Each table shows the following information: data set, FDE, ADE, training_time, Window_Size, data_size. Window_Size is optimized so that the ADE value is minimized. Table 6 shows the FDE, ADE, Average Training Time, and Window_Size values of C type and N type data sets. Evidently, C type data sets have smaller error values compared with N type data sets. For example, Table 6 shows the FDE and ADE values of C type data sets average 66 m and 71 m respectively, while N type data sets average 586 m of FDE and 594 m of ADE respectively. Average training time identified for C type data sets is 17.7671 s and 12.0709 s for N type data sets.

Further considerations on window size

As already mentioned, C type data sets have a Window_Size value as 2 in the case of Data Set 8. Logically, a Window_Size of 2 requires more training time because it handles only two geopositioning data as a unit of prediction. For each execution, ADE values vary within a range due to inherited randomness in hyperparameter optimization and LSTM even with the same Window_Size. And thus, Windows_Size for a data set varies according to similar ADE values within error range. For example, Data Set 4 shows similar ADE values, around 0.030, in hyperparameter optimization stage for different Window_Size. Once we have similar ADE across different Window_Size, then we need to choose window size with smaller training time. To investigate this situation further, we tested for various window size values as an additional experiment.

Figure 3
figure 3

Performance according to window size for data set 8.

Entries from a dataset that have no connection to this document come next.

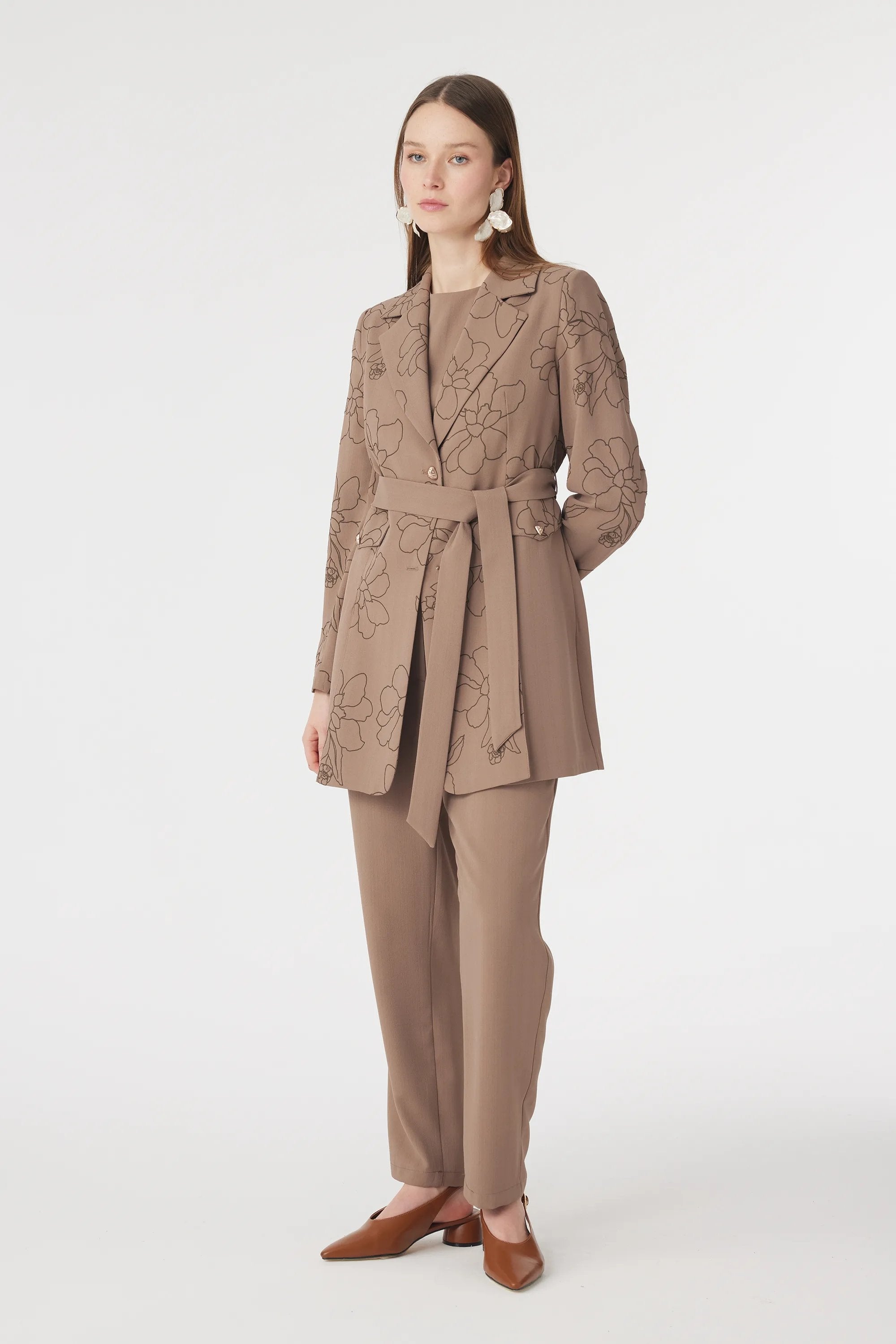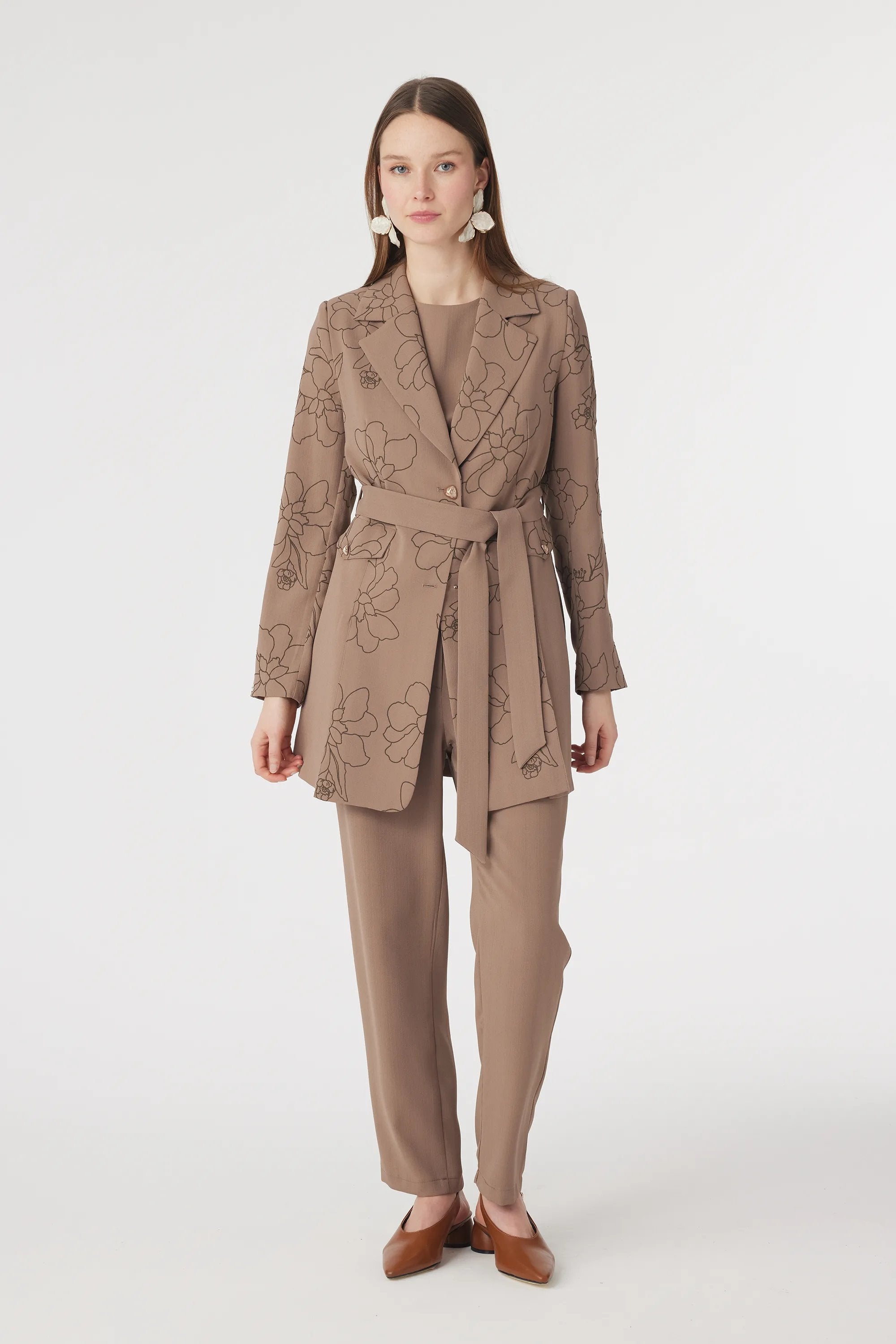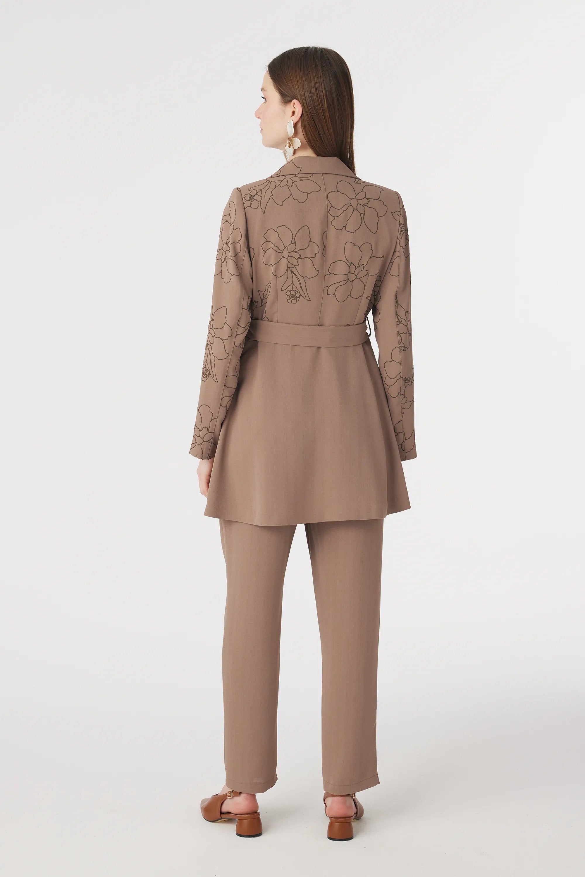 Kruvaze Yaka Kuşaklı Nakışlı Mocha Takım 1740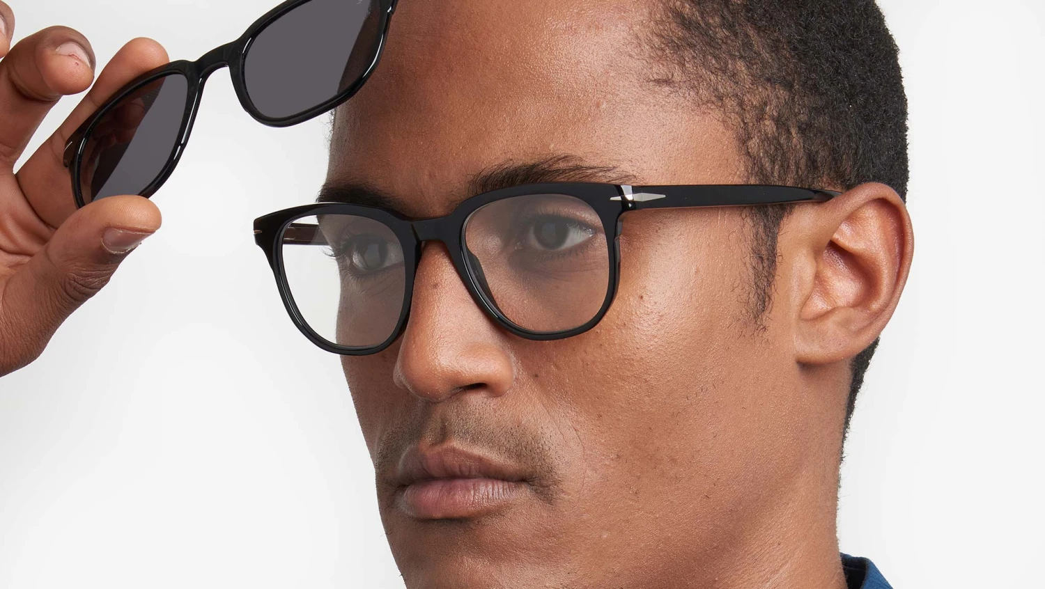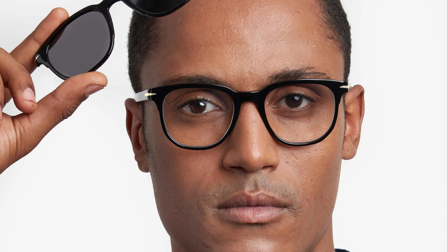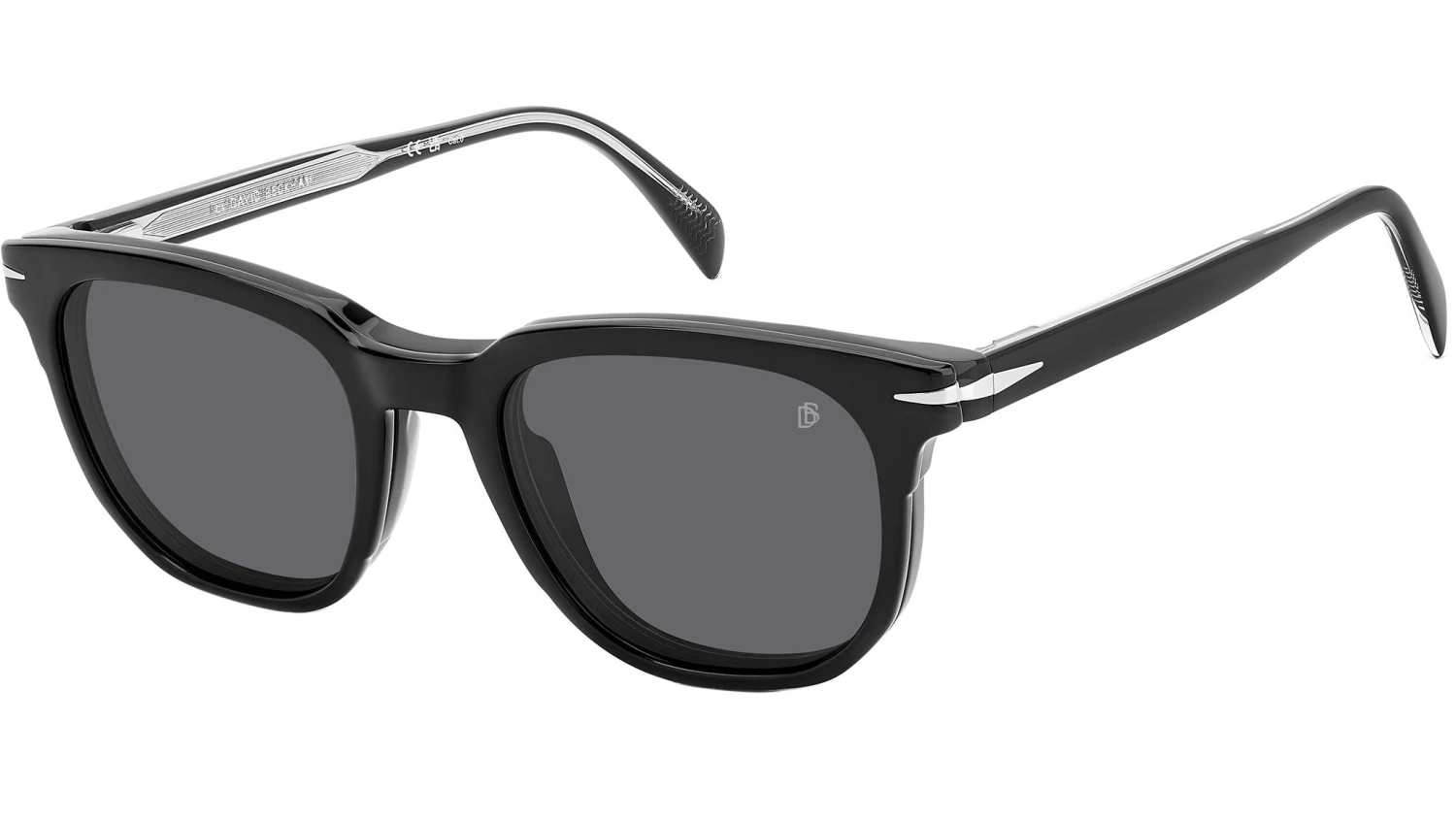 David Beckham sunglasses model DB 7120/CS color code 807 M9 black. These eyeglasses with clip-on sun lenses are classic yet undeniably cool. Perfect for every adventure, the sun lenses attach to the frames quickly and easily, for impeccable vision even on bright, sunny days. The acetate structure comes in plain or two-tone colorways, and with temples with a visible wire core. David Beckham’s signature details are a must: the stylized rhombus, the full name of the brand on the inner temple, and the monogram on the sun lenses.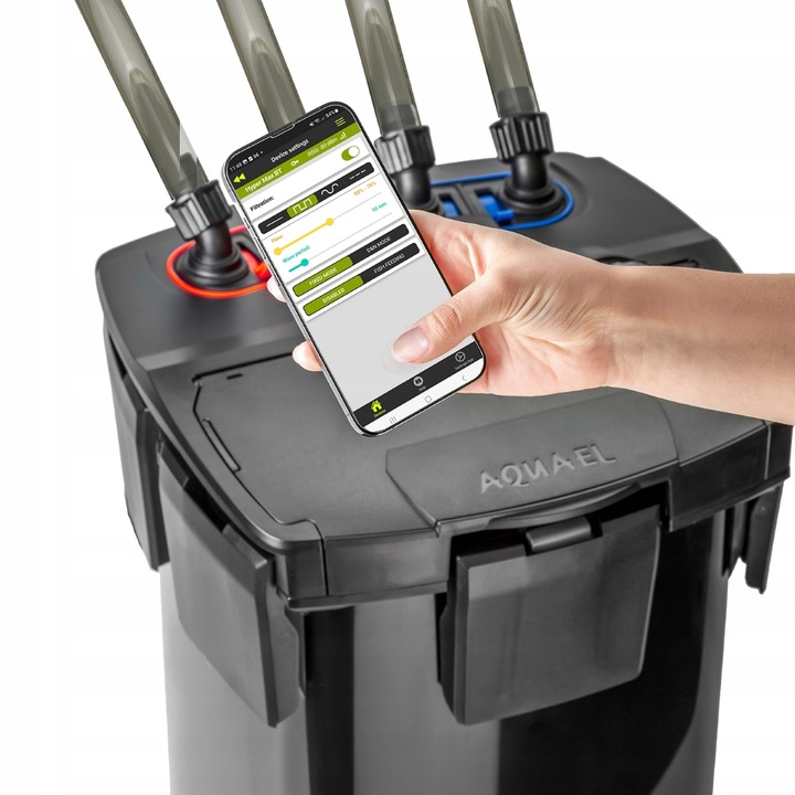 Мобильное приложение Aquael aqu@rium позволяет удаленно управлять фильтром. Он прост в использовании и имеет дружественный интерфейс. Интересным решением является опция совместного использования, которая позволяет управлять фильтром с разных устройств, например. вся семья. Но вы легко можете заблокировать эту опцию с помощью ПИН-кода. Приложение позволяет полностью контролировать функции фильтра, не подходя к аквариуму. Вы можете удаленно включать и выключать фильтр или регулировать силу потока на экране смартфона.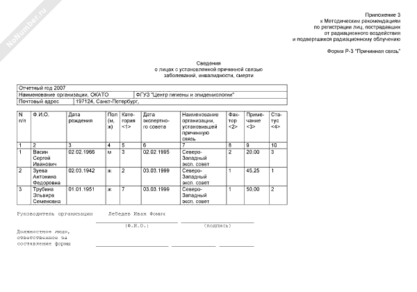 - 794Сведения о лицах с установленной причинной связью заболеваний, инвалидности, смерти . Форма № Р-3 «Причинная связь»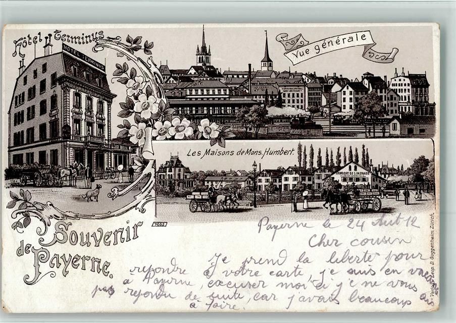 1530 Payerne 1912 BOAKC Hotel Terminus Kutsche Lithographie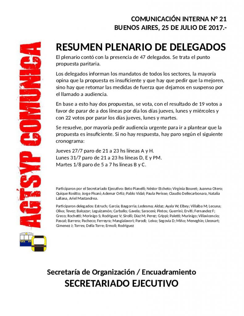Comunicación Interna #21 RESUMEN PLENARIO DE DELEGADOS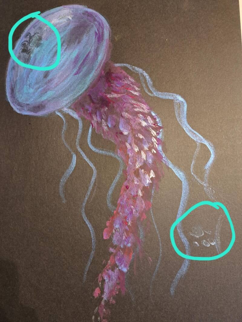 Het was even zoeken, ik dacht meteen met deze kleuren op zwart papier te kunnen werken. Maar ik had toch de hulp nodig van plakkaatverf (gouache) om de achtergrond wat sterker op te zetten. Ik ben gek op de wereld in de diepzee, al die prachtige dieren die daar nog niet allemaal ontdekt zijn. Dus ik besloot om een kwal te maken. Leek mij perfect voor deze glimmende verf. En dit is het resultaat! Wat vind je ervan?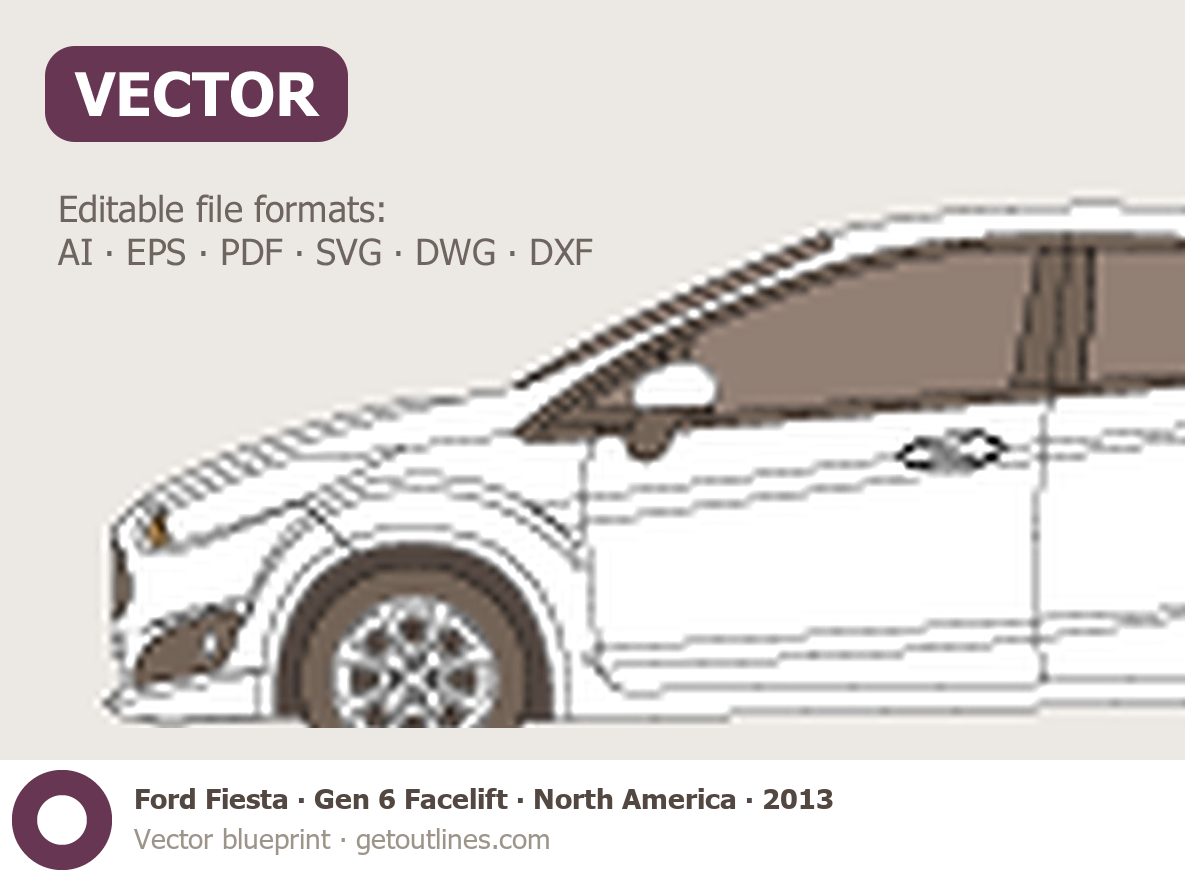 This 2013 Ford Fiesta Gen 6 Facelift North America Sedan blueprint helps designers, wrap studios, and 3D artists simplify their workflow and save valuable time for creative work instead of routine tasks.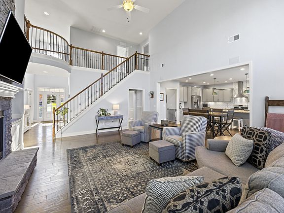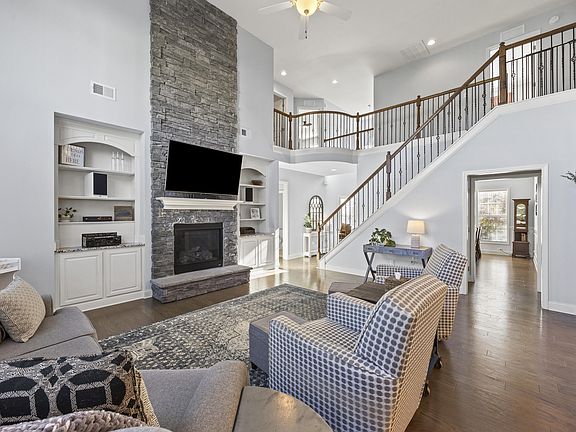 Welcome to this well-appointed two-story home in the desirable Bryant Oak Place neighborhood. This residence showcases a dramatic two-story foyer with a curved balcony overlook. The first floor includes a study with a built-in bar and kegerator, a formal dining room with tray ceiling and wainscoting details, and a convenient guest suite. The spacious family room is highlighted by an impressive two-story bay window, a stone fireplace flanked by built-in bookshelves with granite tops, and surround sound. The kitchen offers an island, walk-in pantry, and separate breakfast area, while the utility room features a built-in folding station and a convenient drop zone nearby. Upstairs, the primary suite offers a generous sitting area and double doors leading to a private bath with dual vanities, two walk-in closets, a garden tub with tile surround, and an oversized tiled shower. Three additional well-sized bedrooms and a full bath with double-sink vanity complete the second floor. Beautifully landscaped, the fully fenced backyard features an extended patio with a fire pit and raised garden beds, perfect for outdoor dining and entertaining.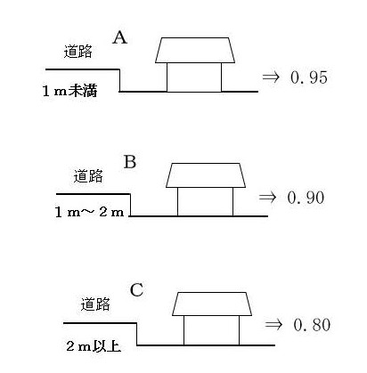 道路より低い位置にあるため、一般の画地に比べ、日照や水はけなどの状況が不良であると認められる画地です。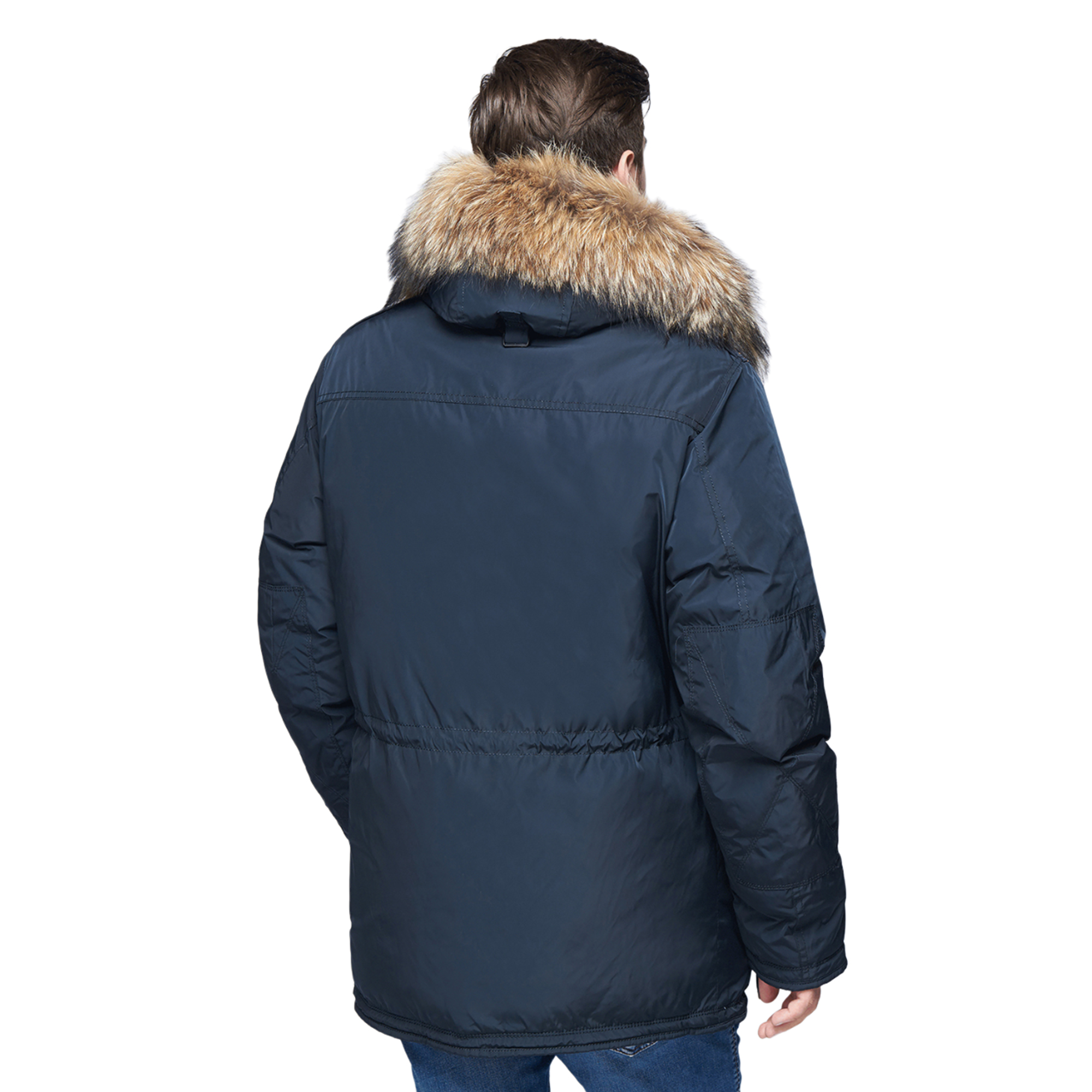 - Регулируемый с помощью кулисок капюшон, отделанный мехом

Figure 3 shows performance measures according to window size values for Data Set 8, which has optimized window size 2 and therefore has the highest training time. The left y axis is for training time in seconds, and the right y axis is for ADE and FDE in kilometers. ADE \(\times \) Training Time is also shown in the graph to show the tendency. The x axis is for Window_Size. Training time varies drastically from Window_Size of 2 to 3. The ADE and FDE values also vary drastically from Window_Size of 3 to 5. Our object function is to minimized ADE and FDE as well as minimize the training time. Therefore, we used a metric of ADE \(\times \) Training Time with respect to Window_Size.

Table 7 Performance change on C type data set 8.

Table 7 shows corresponding values of Fig. 3 and we identified the smallest ADE \(\times \) Training Time value with Window_Size of 3. Table 7 shows Window_Size corresponding to the smallest ADE value. Training time is also affected by Window_Size and the distribution of geopositioning data. Therefore, it is better to set Window_Size as 3 for Data Set 8 once training time is concerned.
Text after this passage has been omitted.